"Hitler was half Jewish and half German"

Ah well, you’re wrong.
Strong S/W/K states that language, and only languge informs thought.
Weak S/W/K states that language can in some circumstances inform thought, and that thought in turn can inform language. So even under weak S/W/K, you can still have the construction of reality via language.

Bullshit.
Academia simply is an organized and systemic attempt at gaining knowledge. Why on earth should we not integrate this into ‘real life’?

In any case where you are not attempting to be deceptive, yes, the purpose is to be as accurate as possible because the purpose is to convey information.

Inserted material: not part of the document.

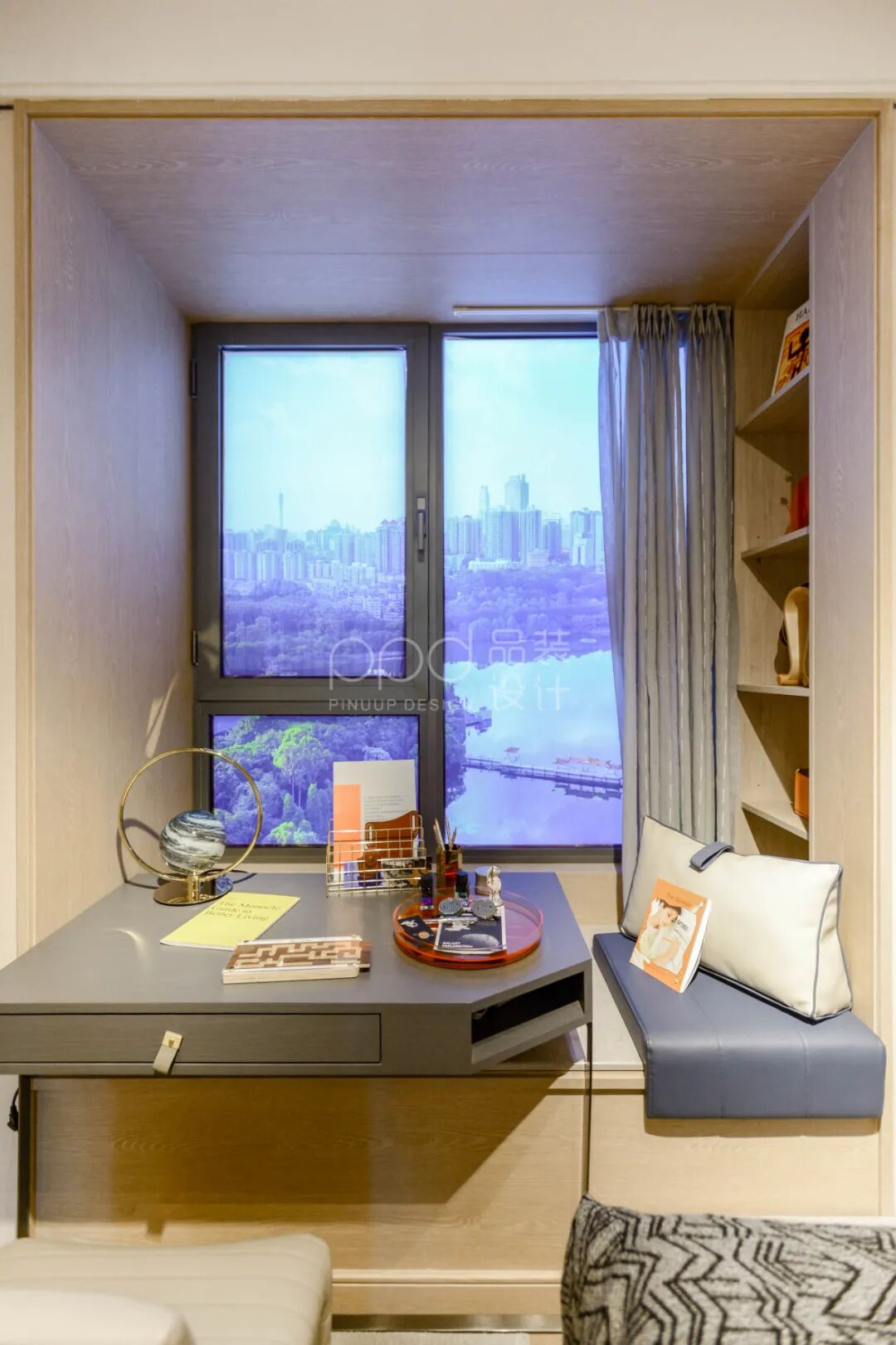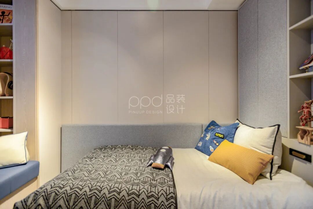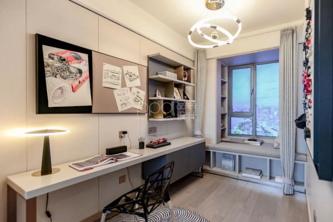书房:本案将其中一间房打造成了一间个性化书房,将墙面充分利用,收纳功能与墙板相连的一体化设计不仅可以扩大书房的收纳空间,同时也避免了置物架掉落的危险,更加安全。居住者可以在这个空间内尽情展示自己的爱好,将其打造成独具个人风格的私人空间。

Capitulate, necessarily? No.
But if someone had training in cog sci they could at least discuss the issues I raise rather than attempting to say they don’t exist. Someone with similar or greater training in the field would quite possibly have a greater understanding of the data and research. My point is not that I am an authority, but that I have knowledge of the subject matter. It isn’t an ‘appeal to authority’, it’s an appeal to facts.

No, I can not!
If I was to give you a link, it would require that you be logged into the University of Texas server as a student. Unless you are, you can’t open the link. That’s because UT pays a fee in order to offer its students access to all the peer reviewed journals out there, so every time I log on through my student account I am utilizing the service that UT has paid for. You, not being a student, do not get this service. So, no, I can’t link you to it. And emailing it, as I’ve already stated, is against copywrite law, so I’m not about to do that either.

And, yes, as I’ve said several times, I’m looking for more cites on the 'net. It should be rather unsurprising that journals which require you to pay to subscribe/read them would not make their material available on the web for free.

Um… no.
I’m saying that’s the paradigm the statement supports, even if you are using it to mean something else. If you mean you find some-but-not-all Chinese girls hot, you should say so. Saying ‘Chinese girls are hot’ includes the tacit word ‘all’. Otherwise, speaking of "chinese girls’ as an entity is fallacious.

~sigh~
First, that’s a strawman. Fucking cut it out!
Of course someone could indeed mean that they liked all Chinese girls, and I’ve never said otherwise.
Nor have I said these ambiguities wouldn’t exist, simply that our language should code reality in such a way that these ambiguities are made clear in individual instances.

If you can’t debate against my actual argument please drop out of the thread, I’m sick to death of people ascribing strawmen to me because the strawmen are easier to argue against.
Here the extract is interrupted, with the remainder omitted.